There will be an apache module that receives request over http protocol and respond in few milliseconds. It processes input parameters and put it into cache layer as JSON record. (Currently text files are used as cache).
Another asynchronous module reads JSON records, cook them and push them into MongoDB. This avoid latency in http response that might get added because of MongoDB performance degradation.
There will be multiple machines (currently 12) under Load Balancer and would expect 100 M requests per day which would be ~10-15 GB in size measured when JSON records are written in text files.
Basically I am searching for better data ingestion solution.
About using ZeroMQ or RabbitMQ in producer consumer architecture,
Message queues are in memory queues and they might not be able to consume this much data in memory.
Data being consumed in MongoDB is important data and we could not cost loosing it in case message queue goes down / crashes for some reason.
Please suggest.
Looks like in both cases each thread is coupled with its matching thread in the other module (either by a fixed file or offset) - this means that you still get bottlenecked if one of the modules is inherently slower than the other, as the threads of the faster module will become underutilized.
Instead, you can use tasks queue (or similar solutions to the multiple producers - multiple consumers problem), and let each thread choose from any available tasks once it becomes free. This will allow you greater freedom in balancing the number of threads in each module. If the front end http module for e.g. is 2x faster than the backend processing, you can spawn 2x more backend threads.
The "price" is that you'll need to maintain the shared queue safely (locking etc..) and make sure it's done efficiently and with no deadlocks.
you can use something like RabbitMQ or ZeroMQ for this kind of thing and use bulk data inserts into your database, or scale out to other servers as needed.

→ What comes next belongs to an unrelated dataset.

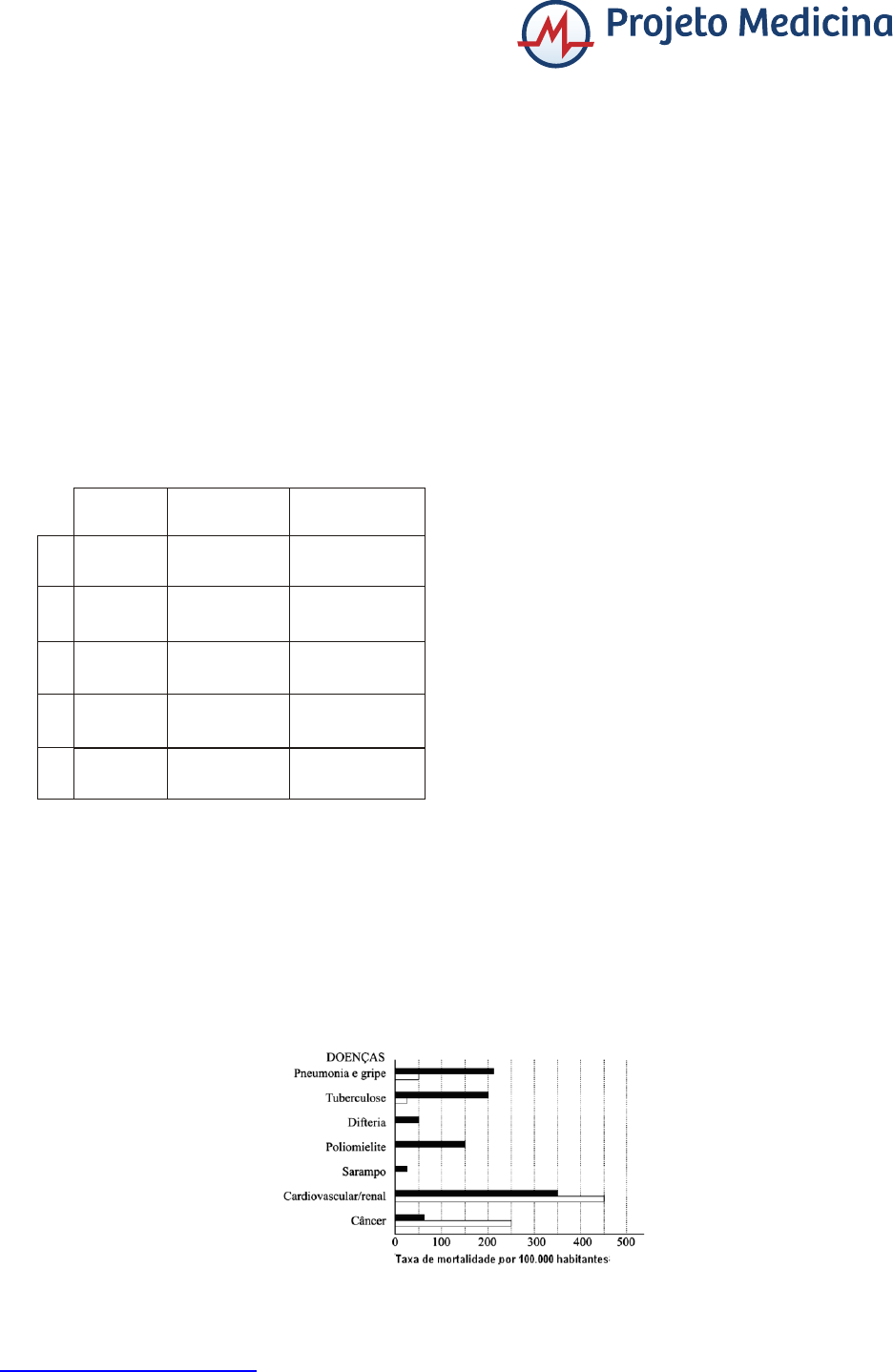 1 www.projetomedicina.com.br Biologia Programa de Saúde - Saúde e Doenças - Miscelânia de Doenças [Difícil] 01 - (UEPB) Determinados artrópodes são de interesse médico, por serem vetores em algumas doenças humanas. No quadro abaixo, estão corretamente relacionados (vetor x agente x doença) na alternativa: Artrópode Agente Doença causada Vetor Mosquito Vírus filariose Aedes Percevejo T dengue Triatoma rypanosoma cruzi Mosquito malária Anopheles Plamodium vivax Mosca tricomoníase Glossina tricomoníase Trypanosoma gambiensis Mosquito úlcera de Bauru Culex Wuchereria bancroftie. d. c. b. a. 02 - (UNIFESP SP) Observe o gráfico e assinale a alternativa que contém legendas que explicam corretamente as diferenças observadas. 2 www.projetomedicina.com.br a) b) c) d) e) 03 - (Mackenzie SP) A Embrapa desenvolveu um bioinseticida que tem em sua composição uma bactéria, o Bacillus sphaericus , capaz de controlar as larvas de pernilongos. Quando ingeridas pelas larvas, as bactérias liberam uma substância de natureza protéica que danifica o tubo digestório, causando a morte das larvas por inanição. Assim, larvas de Anopheles, de Culex e de Aedes têm sido eliminadas. Tal eliminação combate, respectivamente, as seguintes doenças: a) malária, febre amarela e dengue. b) malária, Chagas e leishmaniose. c) febre amarela, leishmaniose e dengue. d) malária, febre amarela e toxoplasmose. e) toxoplasmose, malária e dengue. 04 - (UFMS) “O Ministério da Saúde estuda incluir quatro novas vacinas no calendário oficial do país já a partir de 2005. As vacinas contra o rotavírus, varicela, pneumococo e meningococo poderão ser gratuitas e fazer parte do Plano Nacional de Imunização. Atualmente, fazem parte do calendário oficial: BCG (tuberculose), hepatite B, poliomielite, Hib (meningite), febre amarela (em áreas endêmicas), tríplice viral e tríplice bacteriana”. (Folha de São Paulo, p. C 4, 27 de agosto de 2004). 3 www.projetomedicina.com.br As vacinas tríplice viral e tríplice bacteriana são administradas para evitar, respectivamente, as seguintes doenças: a) rubéola, leptospirose e sífilis / gonorréia, sarampo e tétano. b) gripe, sarampo e coqueluche / botulismo, sífilis e rubéola. c) sarampo, difteria e cólera / tétano, rubéola e coqueluche. d) gripe, herpes e coqueluche / cólera, botulismo e sífilis. e) sarampo, caxumba e rubéola / difteria, coqueluche e tétano. 05 - (UEPB) A cidade de João Pessoa-PB, considerada umas das mais belas capitais nordestinas, atrai, no verão, turistas de várias partes do Brasil e de outros Países, principalmente por ser litorânea. Numa de suas praias, um grupo de turistas, tomando banho, sofreu um acidente provocado por animais marinhos. Alguns desses turistas apresentaram os seguintes sintomas: câimbras, náuseas, vômitos, desmaios, convulsões, arritmias cardíacas, problemas respiratórios, vergões avermelhados, necrose, ardor e dores intensas. Outros membros do grupo apresentaram dor, formigamento e inchaço. Já os demais apresentaram dilaceramento dos tecidos, causando forte infecção, com veneno no céu-da-boca, dor intensa e prolongada, durante até 24 horas. O texto acima refere-se a acidentes provocados por animais marinhos, respectivamente, pelos seguintes grupos: a) Sarcopterygii, Anfioxo e Lampreias b) Cnidários, Moluscos e Peixes c) Moluscos, Platelmintos e Peixes d) Moluscos, Peixes e Planaria e) Annelida e Cnidários e Moluscos 06 - (PUC RS) Considere os planos anatômicos do corpo humano, ilustrados abaixo. 4 www.projetomedicina.com.br Os dois pés de um homem são separados um do outro pelo plano _________, o qual corta o corpo humano definindo uma porção direita e outra esquerda. a) frontal b) sagital c) transversal d) horizontal e) coronal 07 - (UNIMONTES MG) Doença é o estado resultante da consciência da perda da homeostasia de um organismo vivo. Esse desequilíbrio pode ser total ou parcial, sendo provocado por infecções, modificações genéticas, disfunções orgânicas, etc. A figura a seguir ilustra indiretamente um meio de se prevenir contra algumas doenças. 5 www.projetomedicina.com.br De acordo com a figura e o assunto abordado, analise as alternativas a seguir e assinale a que REPRESENTA a doença que pode ser prevenida com a ação apresentada na figura. a) AIDS. b) Leishmaniose. c) Meningite. d) Cólera. 08 - (UNIMONTES MG) A tabela a seguir mostra características de dois métodos utilizados para diagnosticar determinadas doenças. Analise-a. elevado mais CustocustoMenor IV sensível Maissensível MenosIII complexa Maisrealizadaser de fácil MaisII DNA do cópias múltiplas de Criação parasita do ãoDemonstraçI )polimerase da cadeia em (reação PCR Espessa Gota De acordo com a tabela apresentada e o assunto abordado, analise as afirmativas abaixo e assinale a alternativa CORRETA. 6 www.projetomedicina.com.br a) A gota espessa tem menor probabilidade de erros porque, nesse exame, o diagnóstico é realizado pela visualização do parasita. b) Ambos os métodos são considerados como sendo biologia molecular. c) Se um determinado diagnóstico precisasse ser confirmado, a PCR seria o método mais indicado para esse fim, comparado com a gota espessa. d) A sensibilidade da PCR é o único fator que justifica o fato de ele ser o método com custo mais elevado. 09 - (UFAL) Infecções virais têm diferentes efeitos sobre o organismo humano de acordo com o acometimento dos órgãos alvo. Observe a figura abaixo mostrando possíveis destinos de células infectadas por vírus, e dos vírus em si, quando estes são liberados de células infectadas no corpo humano. Sobre esse assunto, é correto afirmar: a) Vírus que realizam ciclo lítico (1) inserem seu material genético na célula, geralmente levandoa à morte, como o Influenza H1N1, causador da gripe mundial. b) Vírus que possuem ciclo lisogênico (2) levam a célula à morte ao sair da mesma, mas somente após um

You create HTTP receiver threads to receive the data to be recorded, pushing the incoming data to a receive queue in memory. You create a single database writer thread that does nothing else but takes all received data queued in memory (by the receiver threads), converts them to a single database INSERT with multiple rows, sends them in a single transaction, and after the transaction is done, it goes back to the queue for another batch of received data (the queue collected the data while the previous transaction was in progress). Sending multiple INSERT transactions in parallel to a single database table can result in higher throughput only in special cases, that's the reason why a single writer thread is usually a good choice. Batching together multiple INSERTs into a single transaction will make a much better use of the limited I/O capabilities of HDDs.